2) Branch A: abbreviate current char, recurse with count+1.
3) Branch B: append count (if >0), append char, recurse with count=0.
4) At end, append pending count and save result.

Complexity Analysis

Time: O(n * 2^n).
Space: O(n) recursion path (excluding output).

Common Pitfalls

- Forgetting to append pending count at leaf.
- Writing consecutive numbers directly without character split.
- Not backtracking path length correctly.

Reference Implementations (Java / Go / C++ / Python / JavaScript)

class Solution {
    public List<String> generateAbbreviations(String word) {
        List<String> ans = new ArrayList<>();
        dfs(word, 0, 0, new StringBuilder(), ans);
        return ans;
    }

    private void dfs(String word, int i, int count, StringBuilder path, List<String> ans) {
        int len = path.length();
        if (i == word.length()) {
            if (count > 0) path.append(count);
            ans.add(path.toString());
            path.setLength(len);
            return;
        }

        dfs(word, i + 1, count + 1, path, ans);

        if (count > 0) path.append(count);
        path.append(word.charAt(i));
        dfs(word, i + 1, 0, path, ans);
        path.setLength(len);
    }
}
func generateAbbreviations(word string) []string {
    ans := []string{}
    var dfs func(i, count int, path []byte)

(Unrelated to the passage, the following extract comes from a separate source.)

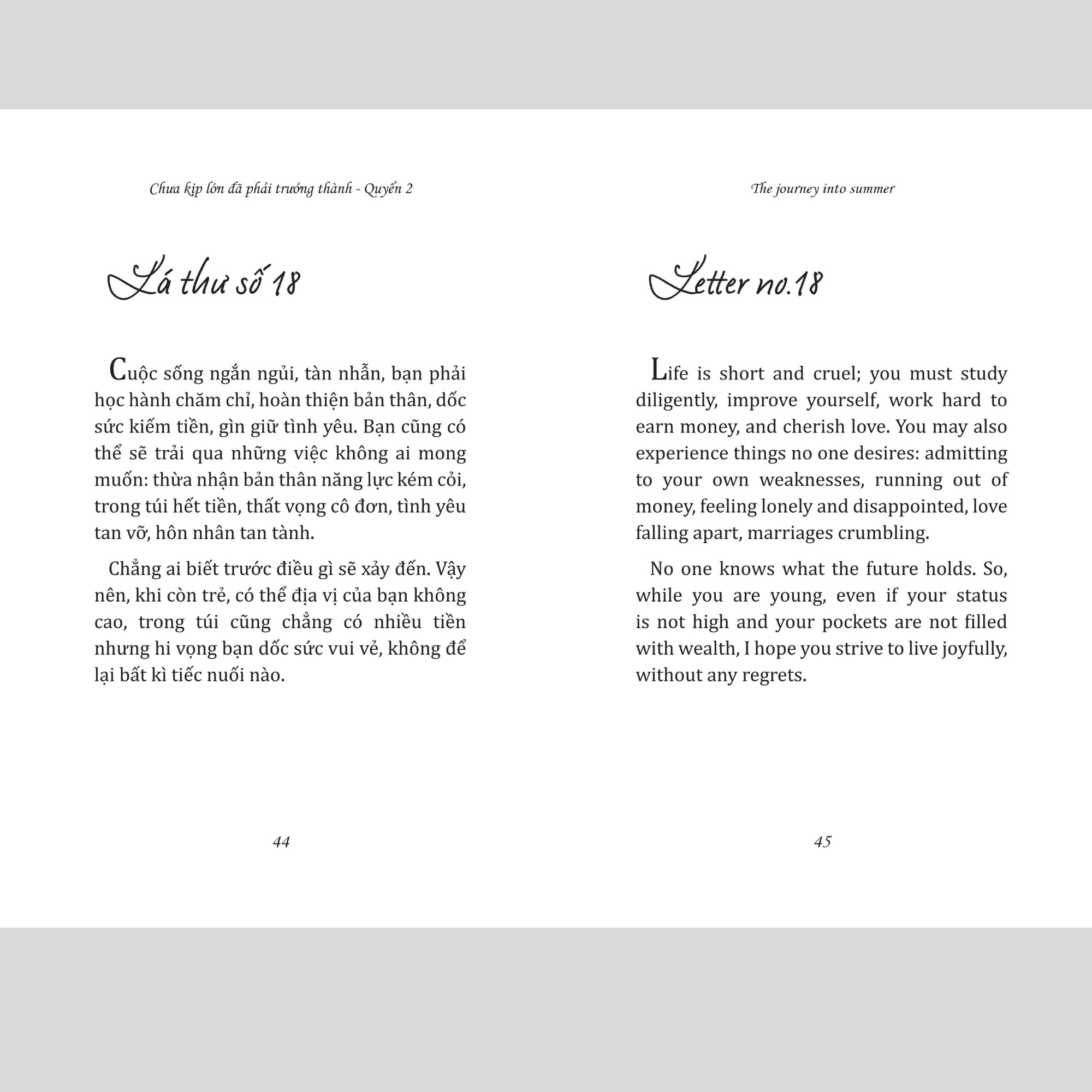 Những lời tâm tình về tuổi trẻ dám sống hết mình vì ước mơ được viết bằng hai ngôn ngữ Anh - Việt trong cuốn sách "THE JOURNEY INTO SUMMER - Chưa kịp lớn đã phải trưởng thành quyển 2" sẽ truyền cảm hứng cho bạn thêm tin vào chính mình.
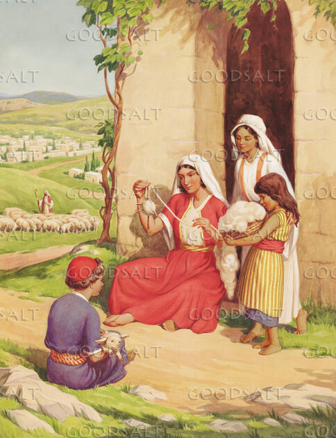 19 She puts her hands to the distaff, and her hands hold the spindle.20 She opens her hand to the poor and reaches out her hands to the needy.21 She is not afraid of snow for her household, for all her household are clothed in scarlet.22 She makes bed coverings for herself; her clothing is fine linen and purple.

    dfs = func(i, count int, path []byte) {
        if i == len(word) {
            if count > 0 {
                path = append(path, []byte(strconv.Itoa(count))...)
            }
            ans = append(ans, string(path))
            return
        }

        dfs(i+1, count+1, path)

        path2 := append([]byte{}, path...)
        if count > 0 {
            path2 = append(path2, []byte(strconv.Itoa(count))...)
        }
        path2 = append(path2, word[i])
        dfs(i+1, 0, path2)
    }

    dfs(0, 0, []byte{})
    return ans
}
class Solution {
public:
    vector<string> generateAbbreviations(string word) {
        vector<string> ans;
        string path;
        dfs(word, 0, 0, path, ans);
        return ans;
    }

    void dfs(const string& word, int i, int count, string& path, vector<string>& ans) {
        int len = path.size();
        if (i == (int)word.size()) {
            if (count > 0) path += to_string(count);
            ans.push_back(path);
            path.resize(len);
            return;
        }

        dfs(word, i + 1, count + 1, path, ans);

        if (count > 0) path += to_string(count);
        path.push_back(word[i]);
        dfs(word, i + 1, 0, path, ans);
        path.resize(len);
    }
};
class Solution:
    def generateAbbreviations(self, word: str) -> list[str]:
        ans = []

        def dfs(i: int, count: int, path: list[str]) -> None:
            if i == len(word):
                if count:
                    path.append(str(count))
                ans.append("".join(path))
                if count:
                    path.pop()
                return

            dfs(i + 1, count + 1, path)

            if count:
                path.append(str(count))
            path.append(word[i])
            dfs(i + 1, 0, path)
            path.pop()
            if count:
                path.pop()

        dfs(0, 0, [])
        return ans
/**
 * @param {string} word
 * @return {string[]}
 */
var generateAbbreviations = function(word) {
  const ans = [];

  const dfs = (i, count, path) => {
    const len = path.length;
    if (i === word.length) {
      if (count > 0) path += String(count);
      ans.push(path);
      return;
    }

    dfs(i + 1, count + 1, path);

    if (count > 0) path += String(count);
    dfs(i + 1, 0, path + word[i]);
  };

  dfs(0, 0, "");
  return ans;
};

中文

题目概述

给你一个单词,返回它所有广义缩写。每个字符位置都可选择“保留字符”或“计入缩写数字”。

核心思路

DFS 维护两个状态:当前位置 index 和连续缩写计数 count。遇到保留字符分支时,先把 count 写入,再写字符。

暴力解法与不足

每个字符两种决策,总数是 2^n。回溯可以完整枚举,逻辑清晰。

最优算法步骤

1)dfs(index, count, path)。
2)分支A:缩写当前字符,count+1。
3)分支B:若 count>0 先写数字,再写字符,count 归零。
4)到达末尾时补上剩余 count 并收集答案。

复杂度分析

时间复杂度:O(n * 2^n)
空间复杂度:O(n)(不含输出)。

常见陷阱

- 叶子节点忘记写入尾部 count。
- 连续数字处理错误。
- 回溯后 path 没恢复导致串污染。

多语言参考实现(Java / Go / C++ / Python / JavaScript)

class Solution {
    public List<String> generateAbbreviations(String word) {
        List<String> ans = new ArrayList<>();
        dfs(word, 0, 0, new StringBuilder(), ans);
        return ans;
    }

    private void dfs(String word, int i, int count, StringBuilder path, List<String> ans) {
        int len = path.length();
        if (i == word.length()) {
            if (count > 0) path.append(count);
            ans.add(path.toString());
            path.setLength(len);
            return;
        }

        dfs(word, i + 1, count + 1, path, ans);

        if (count > 0) path.append(count);
        path.append(word.charAt(i));
        dfs(word, i + 1, 0, path, ans);
        path.setLength(len);
    }
}
func generateAbbreviations(word string) []string {
    ans := []string{}
    var dfs func(i, count int, path []byte)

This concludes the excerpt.